Олег так ничего и не сказал Панину об этом случае. Но Матвей и сам уже решил себя тормозить как только может.
После этого целую неделю он пытался отвлечься похождениями на любовном фронте. В частности, усиленным соблазнением заразы Ани. К пятнице та уже смотрела ласково, напрашивалась попить вместе пивка и даже один раз, думая, что Матвей ее сейчас поцелует, сложила губки в бантик. Все было бы хорошо, если бы не почти ежедневные встречи с Таней. Панин старался с ней наедине не оставаться, поэтому приходилось ходить хвостом за Олегом на случай, если они встретятся. Разговоры втроем ни к чему не обязывали, проходили очень весело и познавательно для всех троих. А потом Матвей всегда уходил, оставляя Таню с Олегом и надеясь, что у них что-нибудь получится. Олег каждый раз возвращался задумчивый. На вопросы Панина отвечал, что все по-прежнему в рамках дружбы.
И все-таки Матвею казалось странным, что у Тани никого нет. С такой-то внешностью, обеспеченная, умная, нежная, мужчины просто тают (чего уж говорить, если Матвей сам чуть разум не потерял). Но у нее никого не было – такое Матвей вычислял со стопроцентной точностью. И этого он никак не мог понять. С Олегом они иногда разговаривали о Татьяне. Матвей больше слушал, что рассказывает Олег, а говорил тот много. Кое-что рассказывала сама Татьяна, кое-что Олег узнал сам. Росшее день ото дня уважение к девушке скоро сменилось у Матвея потребностью в дружбе. Таких девушек Панин встречал редко. А если быть точным – никогда. Были похожие. Та же Настюха, например. К Настюхе Матвей за последний год вообще очень привязался. Но Таня – это было совсем другое дело. Она действительно была как солнце. Когда она появлялась на горизонте, у Панина автоматически появлялась улыбка и повышалось настроение. Он уже не мог это контролировать. А когда Таня уходила, настроение резко падало, и Панин начинал придираться к документам посетителей.

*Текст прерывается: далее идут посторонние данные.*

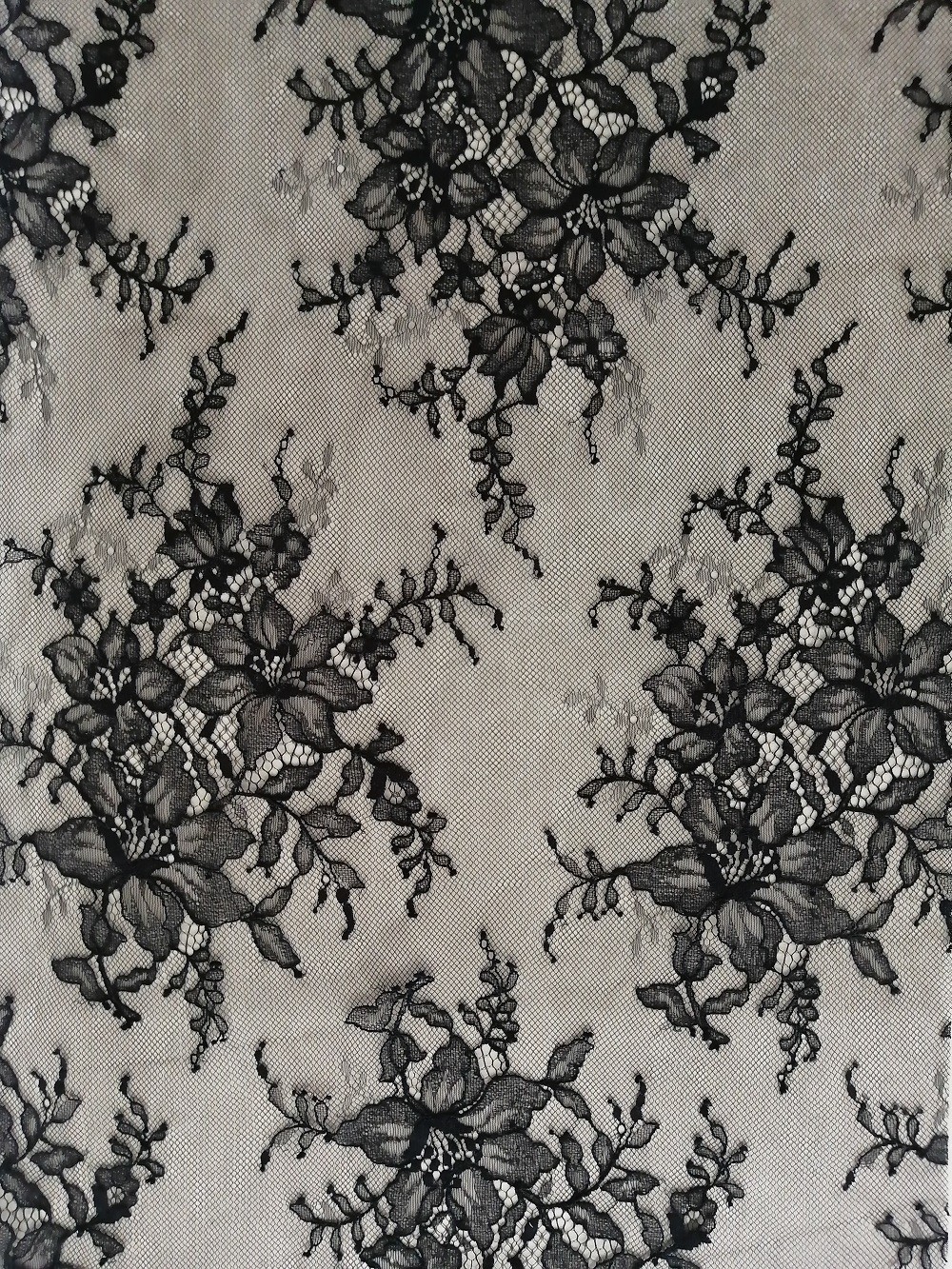 | Evidenziare: | Tessuto francese del pizzo di 145CM Chantilly,Tessuto francese floreale nero del pizzo di Chantilly,Tessuto floreale del pizzo del nero del peso leggero di 145CM |

После работы Матвей либо шел к Настюхе, хотя душа не лежала к надоевшим уже посиделкам в обществе ее подруг, либо находил Серегу Рюхина. Иногда он брал у отца машину и носился по городу, заезжал пару раз к Лехе Артемову. Тот уже год как учился в политехе, собирался жениться летом и вообще раздобрел на домашних харчах. Каждый раз они садились вдвоем за бутылочкой хорошей водки и говорили о войне. Как вели бой четыре часа, и Батя тогда еще напророчил им, что теперь они доживут до ста лет. Как при раздаче обмундирования Матвею досталось все снаряжение под номером тринадцать. Вспоминали про снайпершу Настасью. И каждый раз приходили к выводу, что на гражданке жизнь не та. Ненастоящая какая-то. И что люди здесь не могут понять их, потому что они не видели того, что бывает в настоящей жизни, на войне. Потом, еле-еле стоя на ногах, они катались по городу уже вдвоем, выжимая все сто двадцать и избегая постов ГАИ, так как прав у Матвея все еще не было.

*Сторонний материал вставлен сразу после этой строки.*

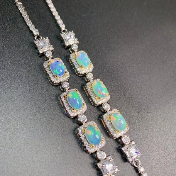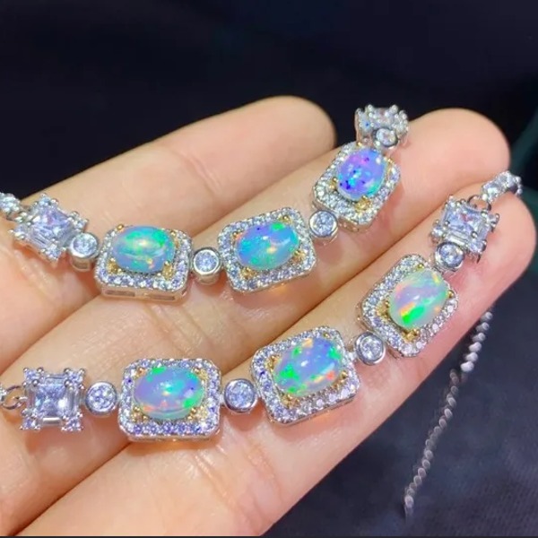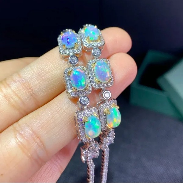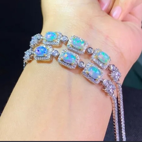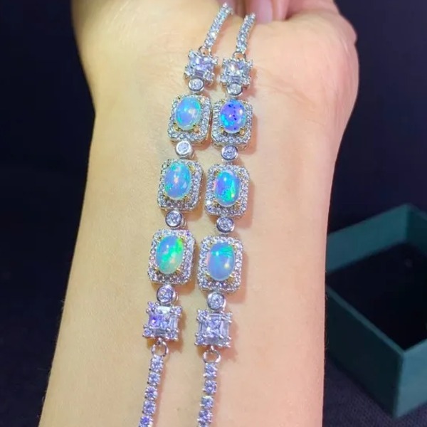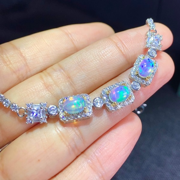 天然オパール ブレスレット、 5x7mm 、カラフルなファイアオパール、 シルバー 925、 女性の日常着に

Радовала и победа над Аней. В один из вечеров Матвей предложил ей подвезти ее домой. По дороге она стала крутить его на пиво и ресторан. Но на такую стерву Панин тратиться не собирался. Вытащил ее из машины под предлогом поцеловаться, обнял, она тут же разомлела – того гляди сама раздеваться начнет. Матвей улыбнулся и ласково послал ее подальше, затем сел в машину, провожаемый ее проклятьями, и уехал. Мог бы, конечно, довести начатое до конца и воспользоваться: спор-то был уложить ее в постель. Но некстати вспомнилась Татьяна. И Панин решил от спора отказаться, сам не понимая почему, ведь до полной победы оставалось совсем ничего.
Анька с тех пор, едва завидев Панина, начинала рычать недовольно и хамила в открытую. А Матвей делал невинные глаза и растерянную улыбку: мол, за что такая немилость?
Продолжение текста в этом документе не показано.